The Ringmaster is a powerless man with a unique hat which is designed to hypnotize people, thus allowing him to take complete control over their actions. He originally travels across America as the manager, director, and ringmaster of his small traveling circus, which is a front for his "Circus of Crime", consisting of Human Cannonball, Clown, Bruto the Strongman, the Great Gambonnos (two acrobat brothers), and snake charmer Princess Python. During his shows, Ringmaster hypnotizes the crowd and sends his lackeys to steal valuables. Once, he managed to enslave the Hulk when he was under the control of Rick Jones, who was attending a performance. However, the Hulk captures Ringmaster when he tries to escape in a chariot.

Following several encounters with the Hulk and other heroes, Ringmaster attempts to reform, but helps the Circus of Crime escape from the police after battling Power Pack. He is later released from prison and placed into Doc Samson's custody. Working alongside Samson, Ringmaster uses his hypnotism to make Bruce Banner revisit his traumatic childhood. Banner, the Hulk, and the Gray Hulk eventually agree to work together, creating the Merged Hulk personality.

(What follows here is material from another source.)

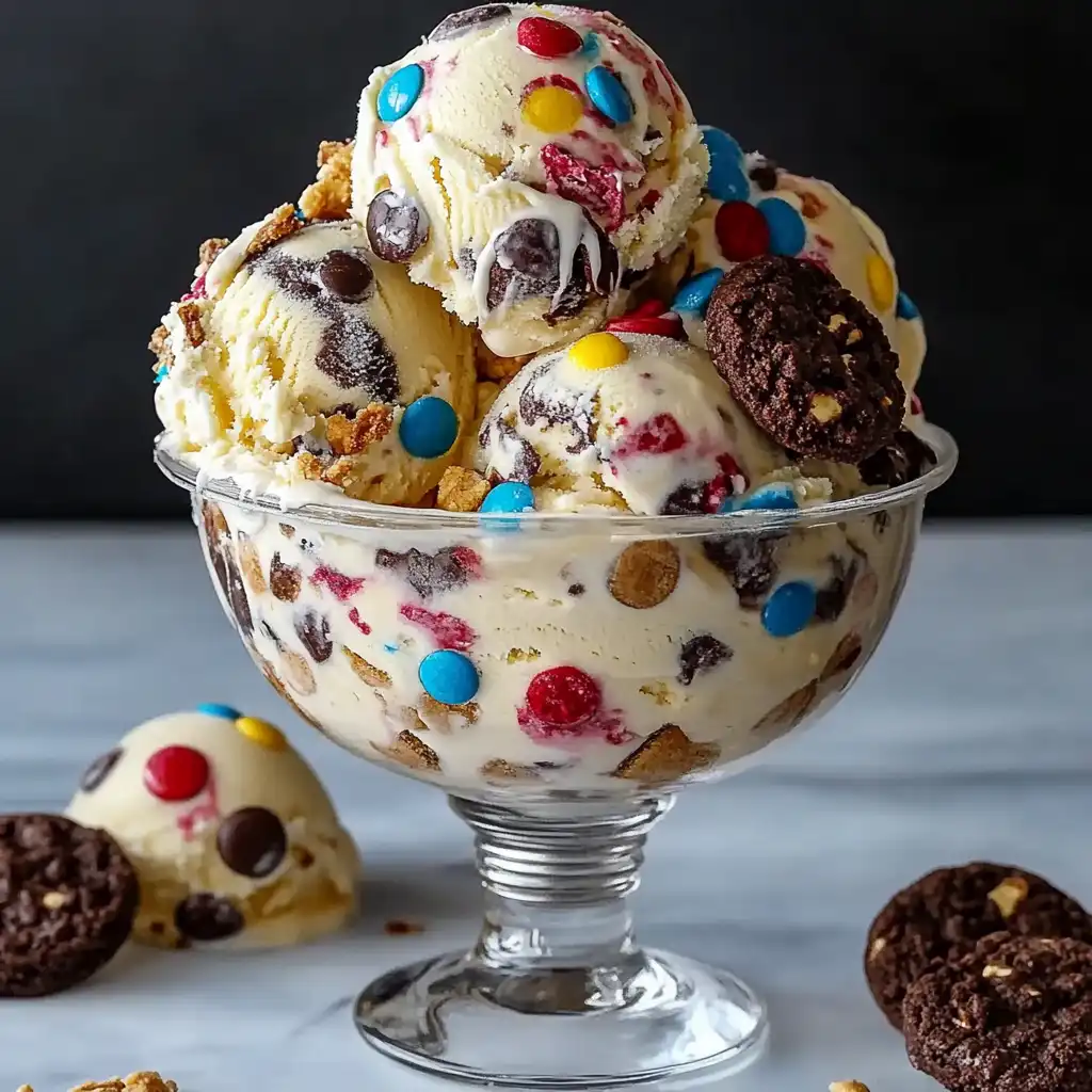 Step 1: In a large mixing bowl, gently fold the softened vanilla ice cream with mini M&M’s, crushed Oreos, chopped chocolate chip cookies, and peanut butter chips until everything is evenly distributed. Be careful not to overmix, as this can melt the ice cream.

The Ringmaster is given surgical alterations that allow him to hypnotize others with his eyes from surgeons working for Devlin DeAngelo. As "Martin Thraller", the Ringmaster employs his hypnotic abilities while running for president of the United States until he is stopped by Deathlok.

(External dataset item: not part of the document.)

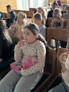Interessiert hörten die Kids aus dem 2. – 4. Jahrgang zu. Zwischen den Reden gab es immer einen kräftigen Applaus und am Ende einen dicken Schlussapplaus.

The Ringmaster travels to Tibet and steals a ring made from a piece of a shattered Cosmic Cube that allows him to manipulate reality within a fifteen-foot radius. Attacking New York for 'practice', he clashes with various superheroes, including Spider-Man and Moon Knight. The Punisher shoots off Ringmaster's ring finger, which is later surgically reattached. Ringmaster loses his ring after he is attacked by a M.O.D.O.C. squad. The ring is found by Curtis Doyle, who uses it to become the superhero Freedom Ring.

During the "Gang War" storyline, Ringmaster gains control of Randalls and Wards Islands. He is briefly seen hypnotizing civilians to fight for him. Ringmaster's hypnotized civilians fight against Crime Master and the A.I.M. agents with him. As Spider-Man and Spider-Woman fight Crime Master, Ringmaster tries to hypnotize Elektra, only for her to resist the mind control and defeat him.

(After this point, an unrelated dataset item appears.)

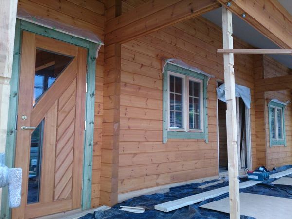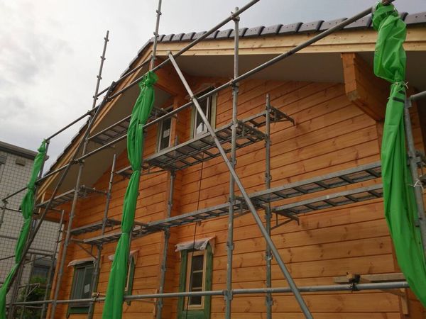 ケーシングの緑もログの色にマッチ。 工事順調に進んでいます。![]()

Ringmaster was revealed to have a daughter who became Ringmistress, wielding a copy of her father's hat and leading a separate incarnation of the Circus of Crime.

==Powers and abilities==
The Ringmaster possesses no inherent superhuman powers. His principal weapons are mind-controlling devices implanted in his hat and eyes. However, his hypnotism does not work on those who cannot see and can be neutralized with special glasses.

With the Cosmic Ring, Tiboldt gained the ability to alter reality in a 15 ft radius around him.

==In other media==
===Television===
- The Ringmaster appears in the "Incredible Hulk" segment of The Marvel Super Heroes, voiced by Rod Coneybeare.
- The Ringmaster appears in the Spider-Man episode "Carnival of Crime", voiced by G. Stanley Jones.
- The Ringmaster appears in The Avengers: United They Stand episode "Comes a Swordsman", voiced by Normand Bissonnette.
- The Ringmaster appears in The Super Hero Squad Show, voiced by Carlos Alazraqui. This version is a member of Doctor Doom's Lethal Legion.
- The Ringmaster appears in the Avengers Assemble episode "Crime and Circuses", voiced by Fred Tatasciore. This version wields flamethrower gloves in addition to his top hat and can vanish in a cloud of smoke.
- Maynard Tiboldt appears in the Jessica Jones episode "AKA Sole Survivor", portrayed by Ben Van Bergen. This version is a hypnotherapist.

===Video games===
The Ringmaster appears as a non-playable character in Questprobe featuring Spider-Man.

===Miscellaneous===
The Ringmaster appears in Marvel's Wastelanders: Hawkeye, voiced by Joe Morton.